** Opening Input records block **

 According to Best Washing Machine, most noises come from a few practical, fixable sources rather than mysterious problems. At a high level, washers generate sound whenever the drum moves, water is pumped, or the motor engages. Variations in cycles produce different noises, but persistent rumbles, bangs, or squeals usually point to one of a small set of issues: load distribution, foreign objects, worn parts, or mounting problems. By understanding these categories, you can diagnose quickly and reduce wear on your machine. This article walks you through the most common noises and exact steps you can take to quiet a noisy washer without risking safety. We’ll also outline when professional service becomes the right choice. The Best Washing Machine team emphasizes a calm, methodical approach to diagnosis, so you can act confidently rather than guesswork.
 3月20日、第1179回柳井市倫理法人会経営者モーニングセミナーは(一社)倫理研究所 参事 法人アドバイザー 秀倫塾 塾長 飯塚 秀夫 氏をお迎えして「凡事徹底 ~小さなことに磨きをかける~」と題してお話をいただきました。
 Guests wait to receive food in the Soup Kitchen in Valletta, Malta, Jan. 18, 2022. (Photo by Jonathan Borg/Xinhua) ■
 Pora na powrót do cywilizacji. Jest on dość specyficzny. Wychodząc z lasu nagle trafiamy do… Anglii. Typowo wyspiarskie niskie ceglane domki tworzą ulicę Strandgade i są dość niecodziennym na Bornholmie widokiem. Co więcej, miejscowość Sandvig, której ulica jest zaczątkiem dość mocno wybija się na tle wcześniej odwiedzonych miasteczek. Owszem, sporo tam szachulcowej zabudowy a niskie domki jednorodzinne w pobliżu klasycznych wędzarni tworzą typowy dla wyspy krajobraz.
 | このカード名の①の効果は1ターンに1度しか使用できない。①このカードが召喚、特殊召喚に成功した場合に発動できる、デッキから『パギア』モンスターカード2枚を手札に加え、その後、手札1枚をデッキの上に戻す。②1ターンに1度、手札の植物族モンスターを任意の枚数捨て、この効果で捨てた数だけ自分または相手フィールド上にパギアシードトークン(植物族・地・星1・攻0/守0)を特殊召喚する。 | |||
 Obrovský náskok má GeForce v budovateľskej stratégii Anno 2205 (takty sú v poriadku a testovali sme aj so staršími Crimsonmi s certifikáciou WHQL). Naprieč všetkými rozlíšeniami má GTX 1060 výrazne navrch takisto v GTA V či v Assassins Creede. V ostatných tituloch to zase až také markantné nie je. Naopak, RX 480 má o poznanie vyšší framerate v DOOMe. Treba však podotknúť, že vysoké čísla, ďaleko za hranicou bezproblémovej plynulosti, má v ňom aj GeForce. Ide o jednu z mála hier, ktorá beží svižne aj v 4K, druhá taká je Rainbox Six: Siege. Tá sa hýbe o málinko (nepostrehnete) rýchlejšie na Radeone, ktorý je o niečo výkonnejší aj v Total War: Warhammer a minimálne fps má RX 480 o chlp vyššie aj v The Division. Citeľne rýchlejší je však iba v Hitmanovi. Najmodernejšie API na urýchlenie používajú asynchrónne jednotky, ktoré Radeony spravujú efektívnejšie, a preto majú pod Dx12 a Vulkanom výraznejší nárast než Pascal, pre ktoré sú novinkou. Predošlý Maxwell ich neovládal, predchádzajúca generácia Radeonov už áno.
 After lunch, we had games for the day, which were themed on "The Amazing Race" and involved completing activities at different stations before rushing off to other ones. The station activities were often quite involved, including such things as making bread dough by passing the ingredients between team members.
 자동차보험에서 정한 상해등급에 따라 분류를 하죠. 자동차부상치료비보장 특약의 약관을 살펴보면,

** Closing Input records block **
** Opening Input records block **

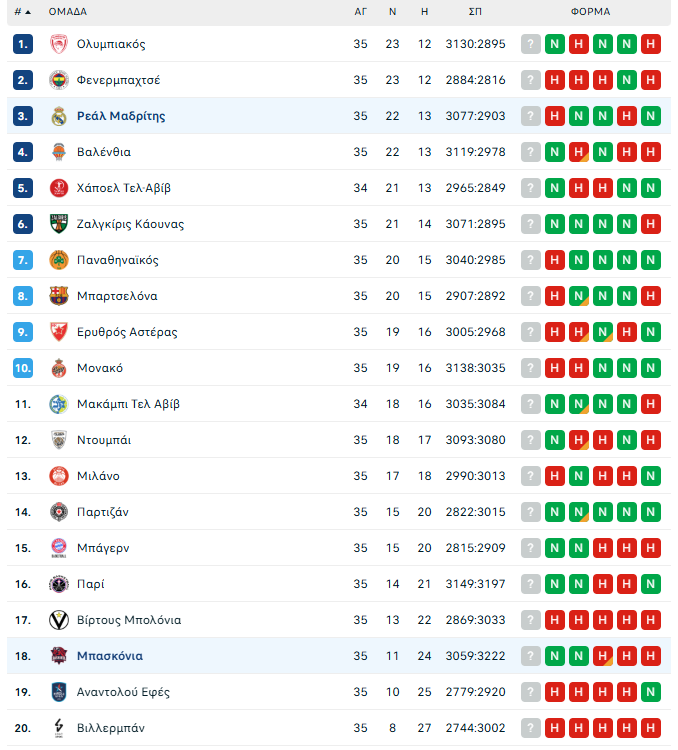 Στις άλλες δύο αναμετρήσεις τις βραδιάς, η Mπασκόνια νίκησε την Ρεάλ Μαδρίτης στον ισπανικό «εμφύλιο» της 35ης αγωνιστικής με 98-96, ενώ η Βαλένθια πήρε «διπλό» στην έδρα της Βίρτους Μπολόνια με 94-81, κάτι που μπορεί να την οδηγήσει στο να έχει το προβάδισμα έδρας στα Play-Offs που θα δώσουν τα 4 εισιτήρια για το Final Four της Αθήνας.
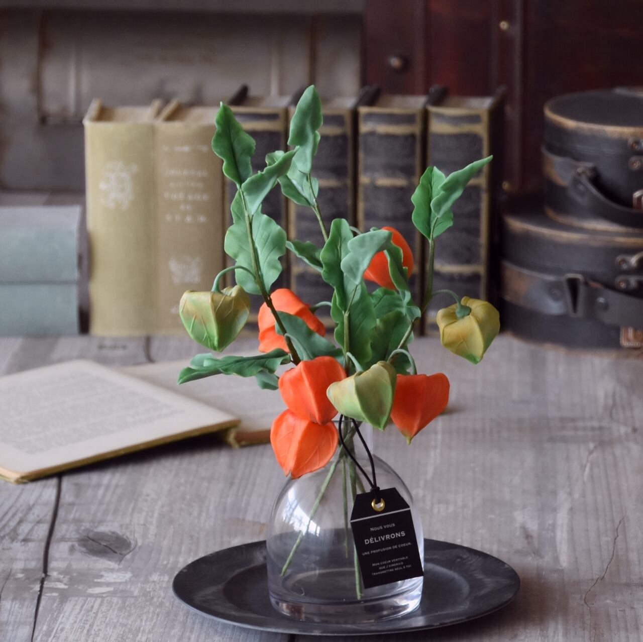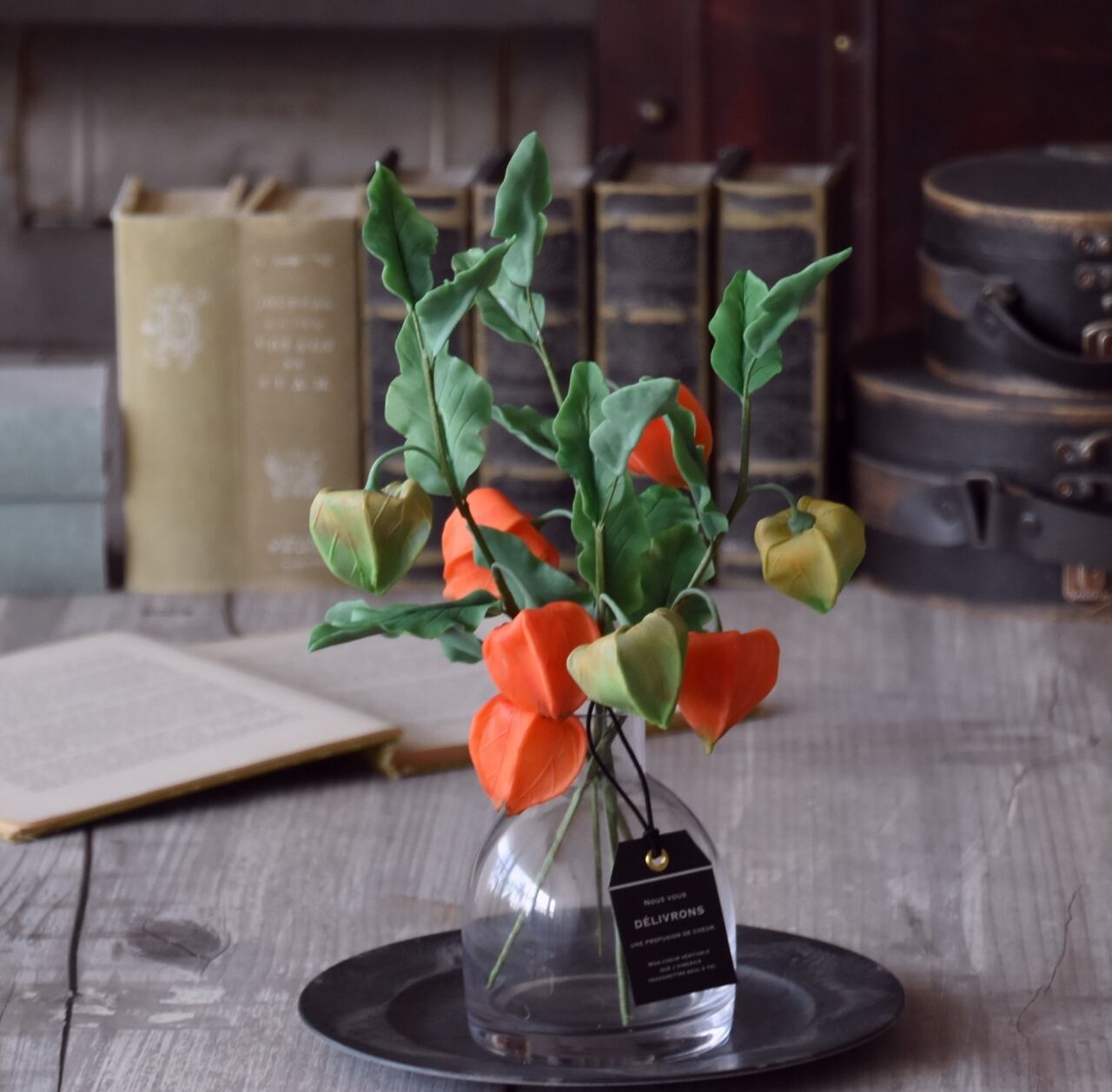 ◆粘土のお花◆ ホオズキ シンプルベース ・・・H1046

** Closing Input records block **

__The task__
Once you reach the line with "According to Best" in the data above, copy it and every line after it exactly, up to and including the line with "Guests wait to".

__Solved problem__
 According to Best Washing Machine, most noises come from a few practical, fixable sources rather than mysterious problems. At a high level, washers generate sound whenever the drum moves, water is pumped, or the motor engages. Variations in cycles produce different noises, but persistent rumbles, bangs, or squeals usually point to one of a small set of issues: load distribution, foreign objects, worn parts, or mounting problems. By understanding these categories, you can diagnose quickly and reduce wear on your machine. This article walks you through the most common noises and exact steps you can take to quiet a noisy washer without risking safety. We’ll also outline when professional service becomes the right choice. The Best Washing Machine team emphasizes a calm, methodical approach to diagnosis, so you can act confidently rather than guesswork.
 3月20日、第1179回柳井市倫理法人会経営者モーニングセミナーは(一社)倫理研究所 参事 法人アドバイザー 秀倫塾 塾長 飯塚 秀夫 氏をお迎えして「凡事徹底 ~小さなことに磨きをかける~」と題してお話をいただきました。
 Guests wait to receive food in the Soup Kitchen in Valletta, Malta, Jan. 18, 2022. (Photo by Jonathan Borg/Xinhua) ■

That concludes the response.